In deze zaak heeft verzoekster, vertegenwoordigd door mr. drs. S.J. Brunia, op 3 oktober 2013 een verzoek tot herziening ingediend van een eerdere uitspraak van de Centrale Raad van Beroep van 2 mei 2013 (ECLI:NL:CRVB:2013:BZ9443). Het verzoek is gedaan op basis van de stelling dat de Raad in de eerdere uitspraak ten onrechte voorbij is gegaan aan diverse nalatigheden van het college van burgemeester en wethouders van Rotterdam, waarmee in strijd zou zijn gehandeld met het gelijkheidsbeginsel en verschillende artikelen van het Europees Verdrag tot bescherming van de rechten van de mens.
Het college heeft een verweerschrift ingediend, maar heeft zich niet laten vertegenwoordigen tijdens de zitting op 13 mei 2015. Tijdens deze zitting heeft verzoekster haar verzoek nader toegelicht, bijgestaan door haar zoon en haar advocaat. De Raad heeft overwogen dat, volgens artikel 8:119 van de Algemene wet bestuursrecht, een onherroepelijke uitspraak alleen kan worden herzien op basis van nieuwe feiten of omstandigheden die vóór de uitspraak niet bekend waren en die, indien ze eerder bekend waren geweest, tot een andere uitspraak zouden hebben geleid.

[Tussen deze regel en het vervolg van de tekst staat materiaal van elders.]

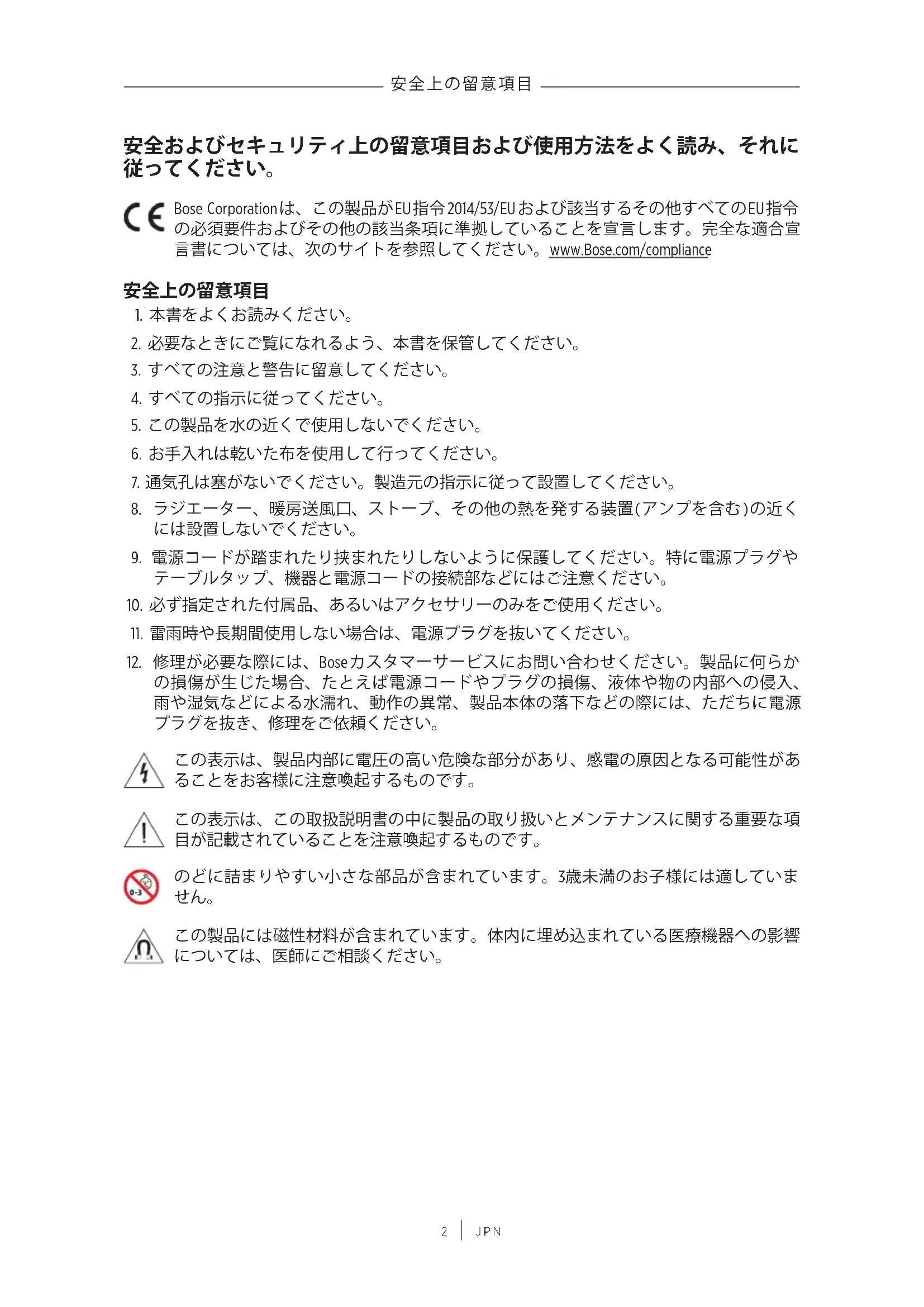 Bose Corporationは、この製品がEU指令2014/53/EUおよび該当するその他すべてのEU指令 の必須要件およびその他の該当条項に準拠していることを宣言します。完全な適合宣 言書については、次のサイトを参照してください。www.Bose.com/compliance
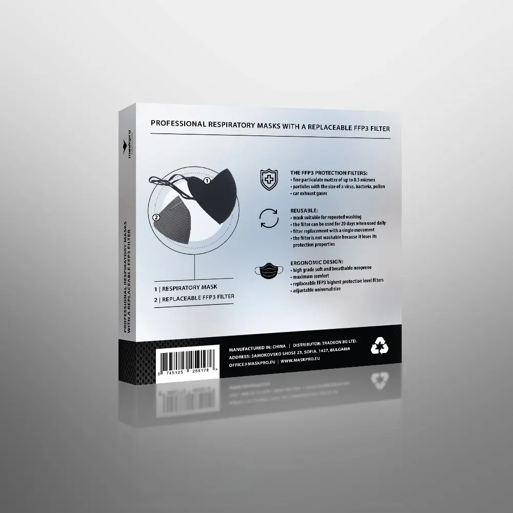 Професионалната защитна маска с FFP3 филтър е подходяща за многократна употреба и осигурява защита от вируси, прах, алергени и микроби. Маската има елегантен дизайн в черно. При поръчка на количества над 100 бр. предлагаме опцията за поставяне на фирмено лого.
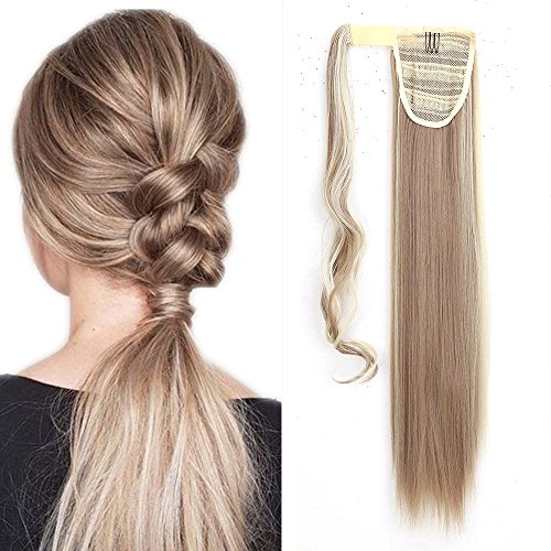 SEGO 58cm Extension Clip Coda di Cavallo Capelli Sintetici Lunghi Lisci Ponytail Extension - Biondo Rossiccio/Biondo Chiarissimo

De Raad heeft geconcludeerd dat verzoekster geen nieuwe feiten of omstandigheden heeft aangedragen die aan de voorwaarden voor herziening voldoen. De enkele onvrede van verzoekster over de eerdere uitspraak biedt geen grond voor herziening. De Raad heeft daarom het verzoek om herziening afgewezen en er is geen aanleiding voor een proceskostenveroordeling. De uitspraak is gedaan door de meervoudige kamer van de Centrale Raad van Beroep op 25 juni 2015.